Autumn Statement: UK growth 'hides disappointing news'
Higher UK growth forecasts "hide some more disappointing news for the chancellor", warns the Institute for Fiscal Studies (IFS).
It says the increased growth is just a result of growth coming a bit sooner than had been expected.
The think-tank warns things like free school meals are unfunded after 2015.
It says the pace of cuts in public service spending will accelerate from 2.3% a year between 2011 and March 2016 to 3.7% a year until early 2019.
The IFS has warned previously of the extent of spending cuts that Chancellor George Osborne will have to make after the next election if he is still in the job.
It says that announcements made in the Budget in March as well as in Thursday's Autumn Statement about things like not increasing fuel duties and creating marriage allowances in the tax system, will add an extra £7bn of spending into the period from 2015-16.

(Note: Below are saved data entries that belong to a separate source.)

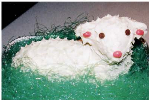
Lamb cake created by Grant Wright of Cedar Rapids, IA.

Winner of the children's division receives a $25 gift certificate to the NCSML store and a $5 gift certificate from Sykora's Bakery. Adult division winner receives a $50 gift certificate plus a $10 gift certificate from Al's Blue Toad restaurant. Although not required for competition, lamb cake pans are available for purchase in the Museum Store.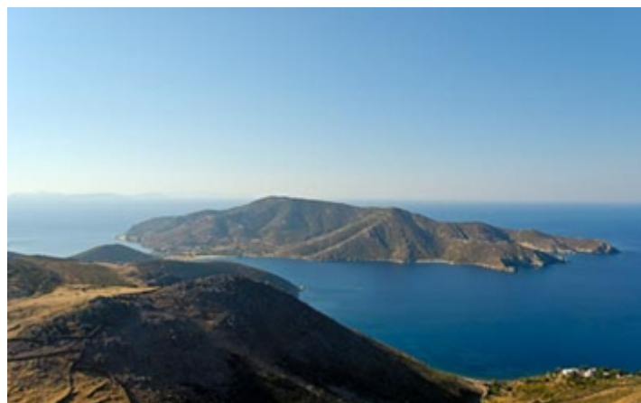
The island of Patmos, where the Apostle John wrote the Book of Revelation

A 'dog' is a sodomite in a pagan temple, the passive participant in the anal sex act. The Word of God is telling us that the money he receives is an "abomination" unto the LORD, which means the act itself must be even more repugnant than the word "abomination" can convey. As Gesenius says, the word 'dog' is used to denote a male prostitute since his behaviour is as shameless as that of a dog.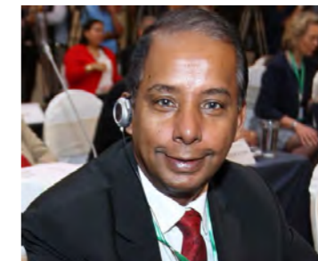
Hon. Kula Segaran, MP Malaysia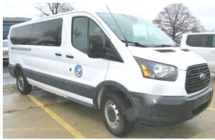
2016 FORD Transit 350, 3.7 L. AT pass. Van, white, 233,641 mi, Frt. Dmg.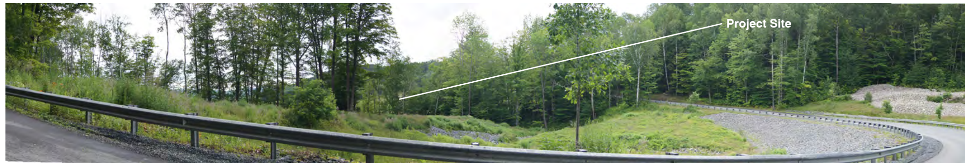
E1 - PANORAMIC VIEW LOOKING EAST FROM MINE ROAD TOWARDS PROJECT SITE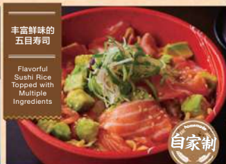
丰富鲜味的 五目寿司 Flavorful Sushi Rice Topped with Multiple Ingredients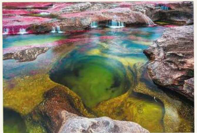
Caño Cristales, Meta.

As June is the month of biodiversity, we want to exalt the beauty of Colombia's fascinating landscapes in the pages of this edition and celebrate the fact that we are one of the most biodiverse countries in the world. In this newsletter you will find a variety of events in Austria and in our concurrences related to Colombian culture, ranging from rock art in the Serranía de la Lindosa to performances of classical music with a Colombian touch. We invite you to participate!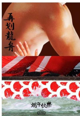
Figure 8. Durex’s advertisement during the Dragon Boat Festival

The last advertisement was published on 30 th May 2017. On that day is another traditional Chinese festival – the Dragon Boat Festival. Durex published two advertisements in one post to send greetings. Each picture is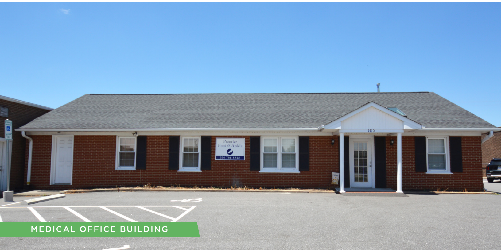
MEDICAL OFFICE BUILDING

"The chancellor continues to make specific promises on spending increases whilst stating that he will keep total spending at the same level. He can't keep doing that," Paul Johnson from the IFS says.

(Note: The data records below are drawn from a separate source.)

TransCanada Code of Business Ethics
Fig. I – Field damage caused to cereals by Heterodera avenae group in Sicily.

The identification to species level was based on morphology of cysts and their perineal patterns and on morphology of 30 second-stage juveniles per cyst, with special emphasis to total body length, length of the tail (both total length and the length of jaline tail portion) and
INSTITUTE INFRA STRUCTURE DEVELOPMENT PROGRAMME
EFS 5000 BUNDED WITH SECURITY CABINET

He also stresses the uncertainty of the amount of money that will be raised by anti-avoidance measures and the increased bank levy.
And he says that there will now have to be additional austerity as a result of the chancellor's pledge to balance the budget by the end of the next parliament without raising taxes.

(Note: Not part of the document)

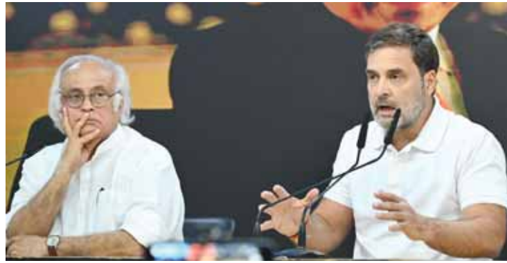
Leader of Opposition in Lok Sabha Rahul Gandhi and Congress leader Jairam Ramesh address a press conference in New Delhi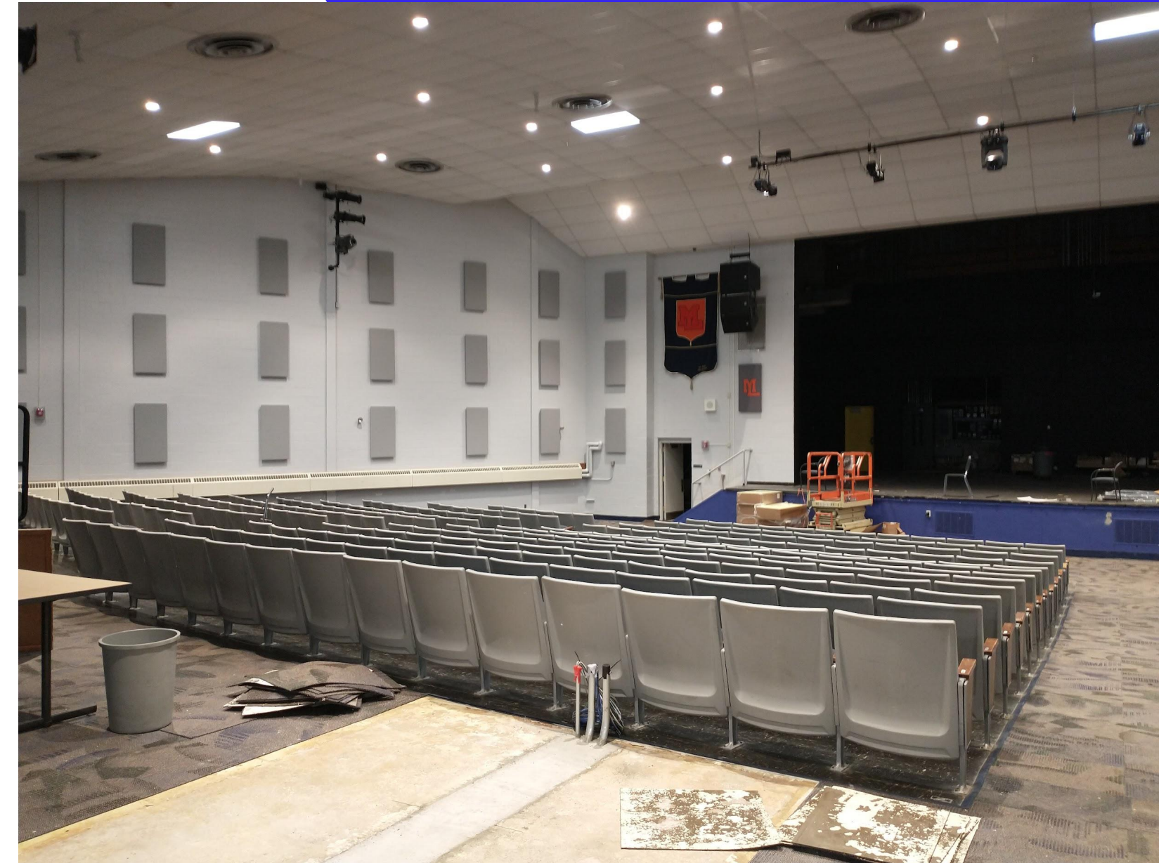
New Paint & Acoustic Panels

"There's even more austerity than we'd expected because the chancellor has decided he wants to continue for an additional year in order to get the books into surplus - he doesn't need to do that for his own fiscal rules," Mr Johnson told the BBC.
Much of the attention on the Autumn Statement has focused on the decision to raise the state pension age to 68 in the mid-2030s and 69 in the late-2040s.
Mr Osborne told the BBC: "The reason we do this is because our country is getting older and we want to go on being able to afford really good pensions for people. There is not a bottomless pit of money."
"The alternative is a pension system that would collapse because it was unaffordable," he added.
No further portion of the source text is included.